▸ WORK TO COMPLETE:
Exact copy, no pictures: reproduce every record below as it stands.

▸ RECORDED DATA:
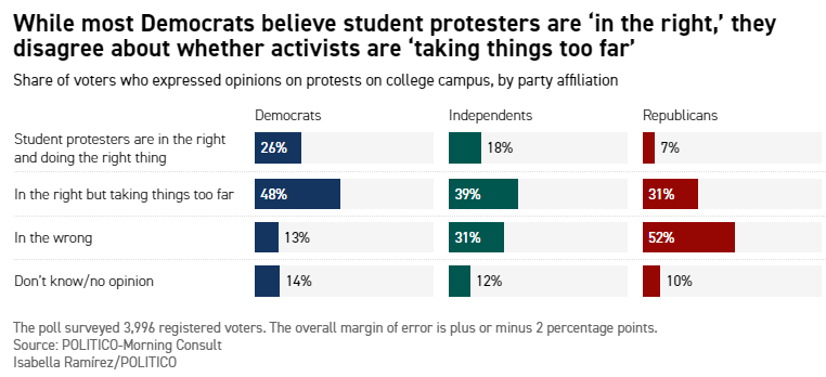 Democrats fractured over views of pro-Palestinian campus protests, poll finds Jared Mitovich, Isabella Ramirez & Juan Perez Jr., Politico
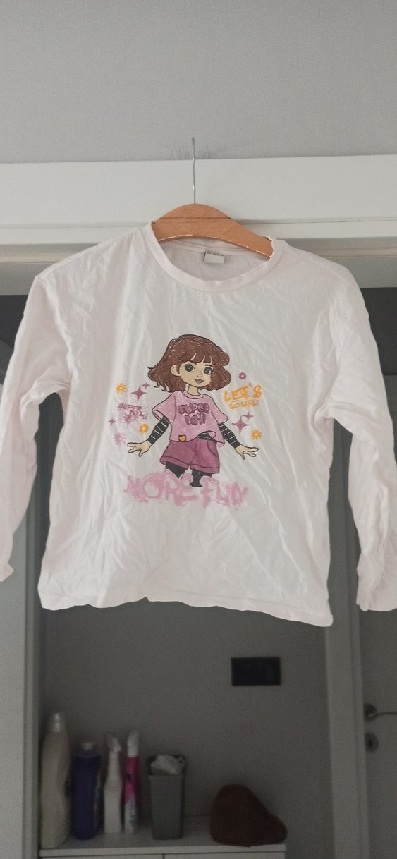 Pamuklu, beyaz uzun kollu kız çocuk tişörtü, rahat kesim ve renkli baskılı desenle bohem ve retro stil için uygundur. 1 kez giyildi
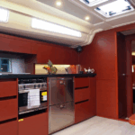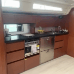 Galley: Gas stove & oven, Electric fridge, Cuttlery – Kitchen equipment, Mugs, plates, glasses, spoons, knifes, etc.
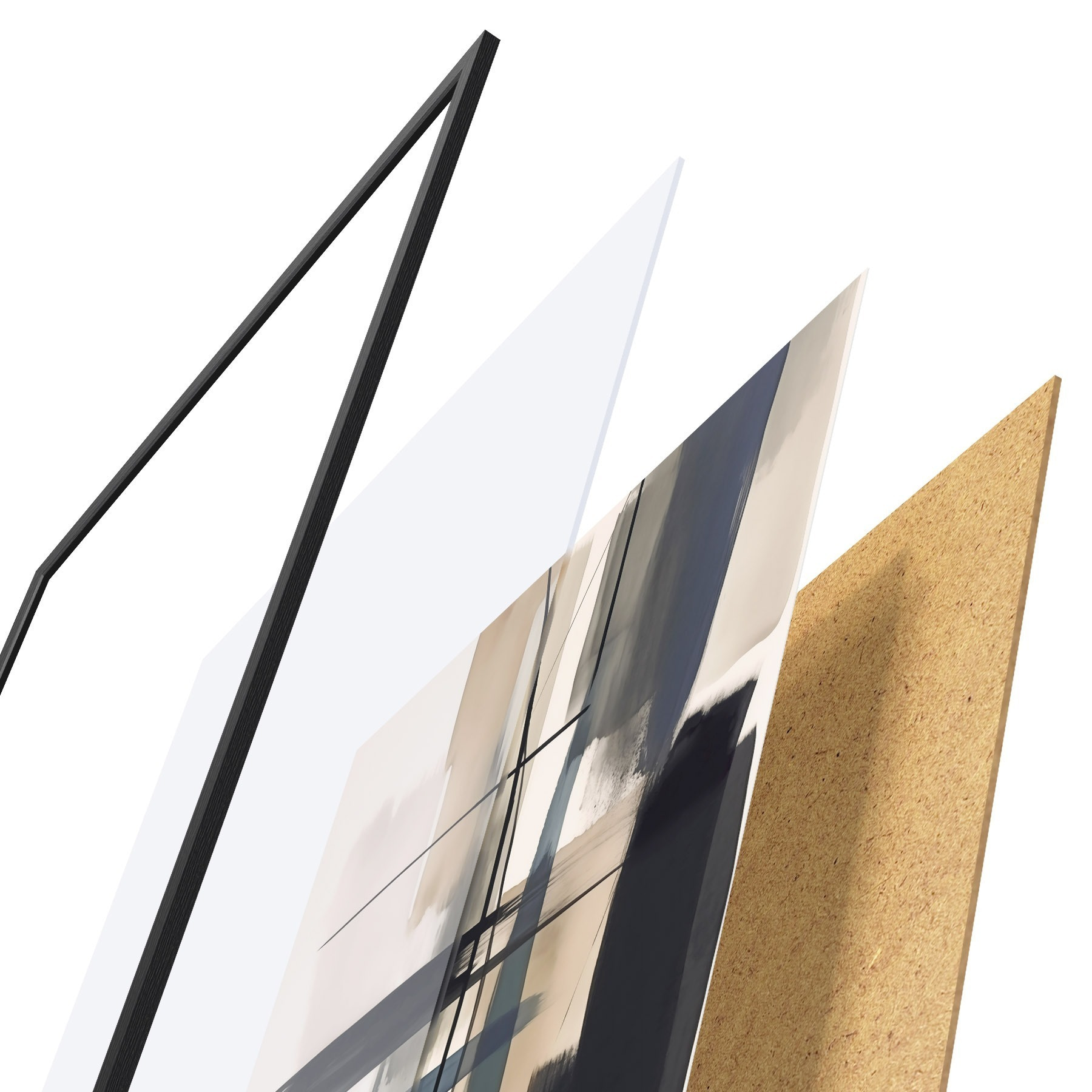 Plakát se skládá z rámu, plexiskla, tištěného obrazu a dřevotřískového podkladu. Díky úchytům na zadní straně lze plakát ihned zavěsit na zeď.
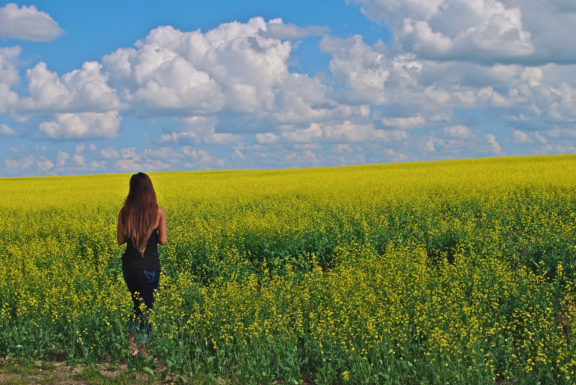 The canola field sits just on the edge of The Crooked Bush. Amber, with camera in hand, was taking closeups of the canola. I, on the other hand, was taking distant shots. This is my baby against a colorful backdrop.

▸ RESPONSE:
 Democrats fractured over views of pro-Palestinian campus protests, poll finds Jared Mitovich, Isabella Ramirez & Juan Perez Jr., Politico
 Pamuklu, beyaz uzun kollu kız çocuk tişörtü, rahat kesim ve renkli baskılı desenle bohem ve retro stil için uygundur. 1 kez giyildi
 Galley: Gas stove & oven, Electric fridge, Cuttlery – Kitchen equipment, Mugs, plates, glasses, spoons, knifes, etc.
 Plakát se skládá z rámu, plexiskla, tištěného obrazu a dřevotřískového podkladu. Díky úchytům na zadní straně lze plakát ihned zavěsit na zeď.
 The canola field sits just on the edge of The Crooked Bush. Amber, with camera in hand, was taking closeups of the canola. I, on the other hand, was taking distant shots. This is my baby against a colorful backdrop.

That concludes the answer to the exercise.